Promethium arsenate
- Names: Other names Promethium(III) arsenate

Identifiers
- CAS Number: 14325-66-7;

Properties
- Chemical formula: PmAsO_{4}
- Molar mass: 283.92 g/mol
- Appearance: Pale violet (hydrated precipitate); pink (anhydrous)
- Solubility in water: Sparingly soluble in water

Structure
- Crystal structure: Tetragonal, xenotime type
- Space group: I4_{1}/amd, No. 141
- Lattice constant: a = 0.731 nm, c = 0.643 nm

= Promethium arsenate =

Promethium arsenate is an inorganic compound of promethium and the arsenate ion, with the chemical formula PmAsO_{4}. Like all promethium compounds, it is radioactive. Anhydrous PmAsO_{4} crystallizes in the tetragonal xenotime structure type.

== Preparation ==
Hydrated promethium arsenate can be precipitated from an aqueous solution of a promethium(III) salt by addition of a soluble arsenate.

The original synthesis used promethium(III) chloride and sodium hydrogen arsenate. A pale-violet precipitate, interpreted as hydrated PmAsO_{4}·xH_{2}O, was obtained.

Anhydrous PmAsO_{4} was produced by heating the precipitate for approximately 20–57 hours at 800–950 °C.

A precipitation route using promethium nitrate and sodium dihydrogen arsenate has also been reported for rare-earth arsenates.

== Properties ==
=== Crystal structure ===
Anhydrous promethium arsenate is pink and crystallizes in the tetragonal crystal system with the xenotime structure type, space group I4_{1}/amd (No. 141).

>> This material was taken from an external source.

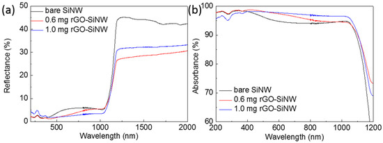 To gather more details on the optical reflection property of SiNW and rGO functionalized SiNW, we measured optical reflectance in the wavelength range of 200–2000 nm with SiNW as control. As displayed in Figure 3, when SiNW is fabricated on rGO-SiNW, the light reflectance is much lesser than compared to bare SiNW. The reflectance of rGO on SiNW and bare SiNW is almost 2% and 6% in the visible light region. This low reflectance can be attributed to the increased loading amount of rGO; thus, we believe that rGO absorbs a part of the incident light and reduces the absorption of light on the Si photoelectrode, which is followed by a decrease in current density with an increase in the loading amount of rGO. To clarify the absorption property, we also measured absorbance (Figure 3b) on applying the following equation [25]:

Its lattice parameters are approximately a = 7.31 Å and c = 6.43 Å giving c/a ≈ 0.880.

The structure consists of AsO4(3-) tetrahedra and eight-coordinate Pm^{3+} ions, as in other xenotime-type rare-earth arsenates.

PmAsO_{4} is structurally important within the rare-earth arsenate series. Neodymium arsenate, NdAsO_{4}, crystallizes in the monoclinic monazite structure, whereas PmAsO_{4} and the arsenates of the smaller rare-earth ions adopt the tetragonal xenotime structure. The structural boundary therefore lies between NdAsO_{4} and PmAsO_{4}.

Although a monazite-type modification of PmAsO_{4} has sometimes been inferred in older structural discussions, its existence has not been experimentally demonstrated.

=== Radioactivity ===
Promethium has no stable isotopes, so all samples of PmAsO_{4} are radioactive. Consequently, studies of the compound have generally been limited to small quantities and structural characterization rather than bulk physical-property measurements.